Avrupa Birliği ve Amerikan Yaşlılar Derneğinin özellikle gelişmekte olan ülkelere yönelik önerilerde bulunduğunu anlatan Ateşoğlu: "Bizim gibi gelişmekte olan ülkelere 'Sizlerin hobileri eksik' diyorlar. Bu yaşa kadar 'Ben şu hobiyi edindim' diyebilecek kaç kişi var aramızda? Mutlaka kendimize bir hobi edinmeliyiz. Çünkü sosyal aktiviteler zihni gençleştiriyor. Sosyal gruplara dahil olmak, yaşamı paylaşmak, kendi eserini sevmek uzun yaşamak için çok önemli. Hobilerle kendimize bir uğraş, bir eser yaratmamız lazım. Gelişmiş ülkeler; kendilerini sevdikleri için, kendilerine değer verdikleri için; günlük yaşam aktiviteleri, bizim anneanne ve babaannelere göre biraz daha iyi.
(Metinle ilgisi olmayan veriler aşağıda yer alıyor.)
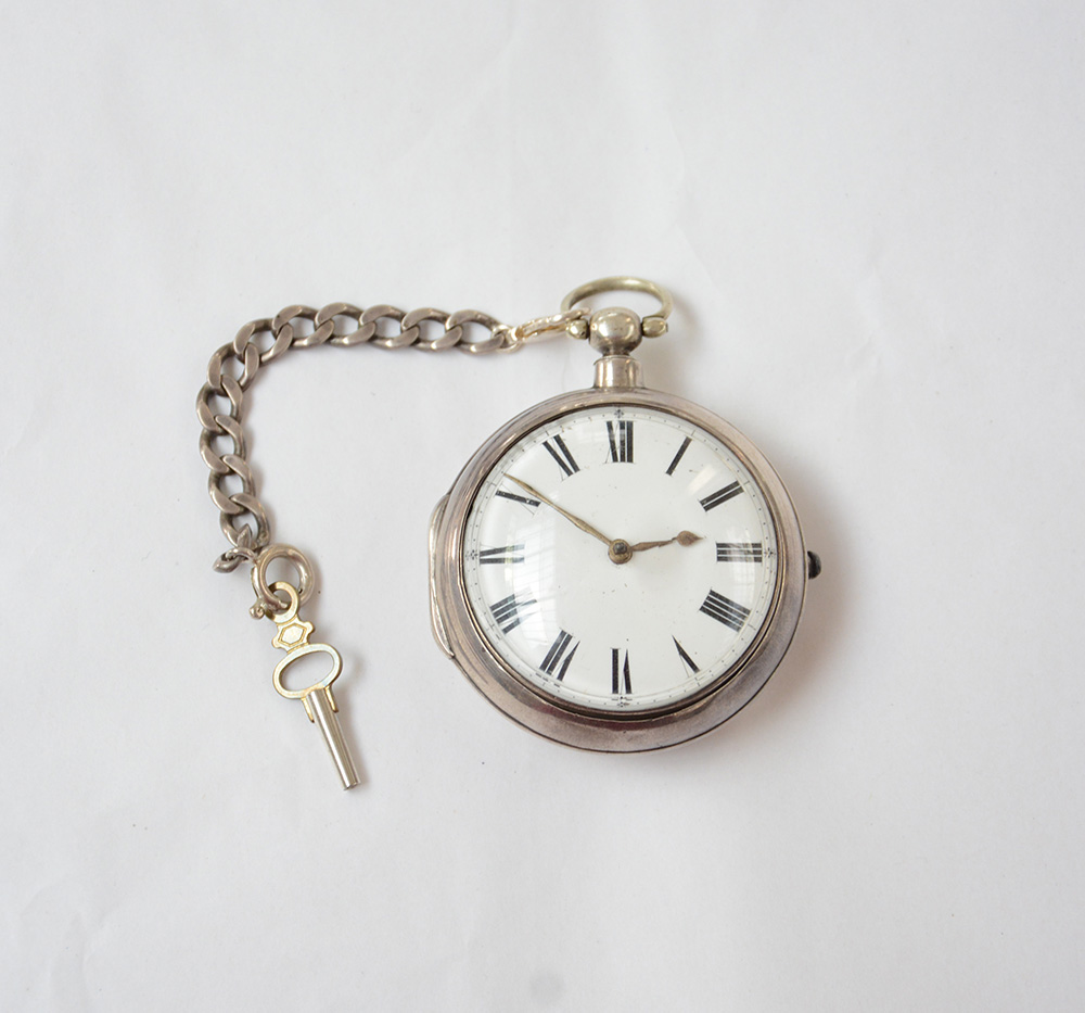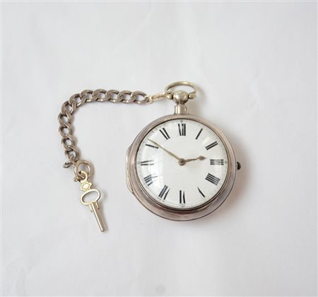 Orologio da tasca a doppia cassa in argento, quadrante in smalto bianco a numeri romani, movimento con scappamento a verga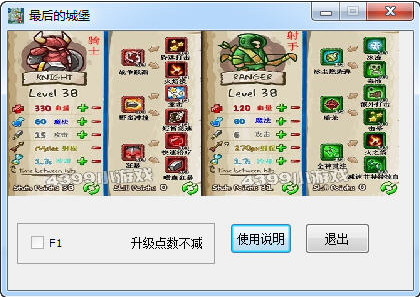 最后的城堡是一款經(jīng)典的動作策略類游戲,最后的城堡修改器的功能為升級點(diǎn)數(shù)不減,就是說升級一次可以無限加點(diǎn)了。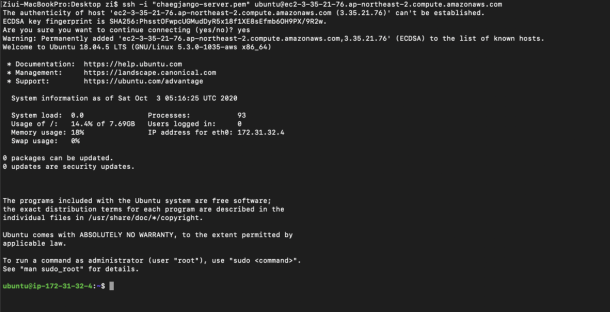 - $ ssh -i "example.pem" ubuntu@ec2-3-35-21-76.ap-northeast-2.compute.amazonaws.com(생성된 인스턴스 주소)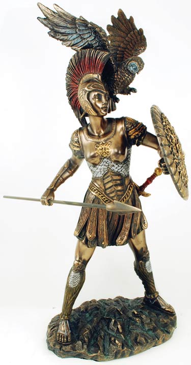 This item is required advance payment to order and estimate arrived in 4-8 weeks.This beautiful statue portrays Athena, the goddess of wisdom and war, as though she were sculpted of bronze, armored as a hoplite warrior with the owl of wisdom landing upon her shoulder.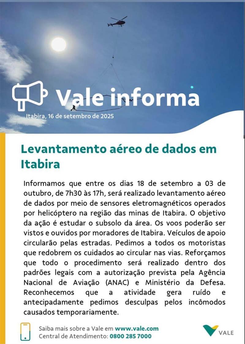 Desde o dia 18 de setembro, a Vale realiza um novo levantamento geológico na região das minas de Itabira, utilizando helicópteros equipados com sensores eletromagnéticos. Segundo comunicado da empresa, os voos ocorrem diariamente, das 7h30 às 17h, e devem se estender até 3 de outubro. O objetivo declarado é estudar o subsolo da cidade em busca de novas reservas minerais.

Bizde yaşam birazda ucuza alınmış durumda. Bir yaştan sonra insanların bağımsızlığı elinden alınmış oluyor. Gelişmiş ülkelerdeki yaşlılar; markete gidiyorlar, yemeklerini kendileri pişiriyorlar, bisiklete biniyorlar." diye konuştu.

"ERKEKLER İKİ KADIN ARASINDA KALIYOR"

Evde bakıma muhtaç bir yaşlının aileler arasında tartışmalara neden olduğunu belirten Ateşoğlu: "İnsanların ne kadar bağımsızlığı bozulursa, yani bağımlı olmaya başlarsa bu kez sorunlar başlıyor. Aileler arasında tartışmalar çıkıyor. Karı koca arasında kavgalar yaşanıyor. Ben bu konuda erkekleri çok seviyorum. Çünkü en büyük yükü evde erkekler kaldırıyor. Erkekler evde iki kadının arasında kalıyor. Biz kendi kendimizi ifade eden insanlar değiliz. Eşlerden biri kızar, neden kızdığını 6 ay sonra söyler. Erkekler tamamen içe kapanıyor; pijama, terlik konseptinde; evde ‘tık’ demiyor. Böyle böyle yaşlanıyoruz. Üstüne de hastalık gelince istenmeyen yaşlılar ortaya çıkıyor." dedi.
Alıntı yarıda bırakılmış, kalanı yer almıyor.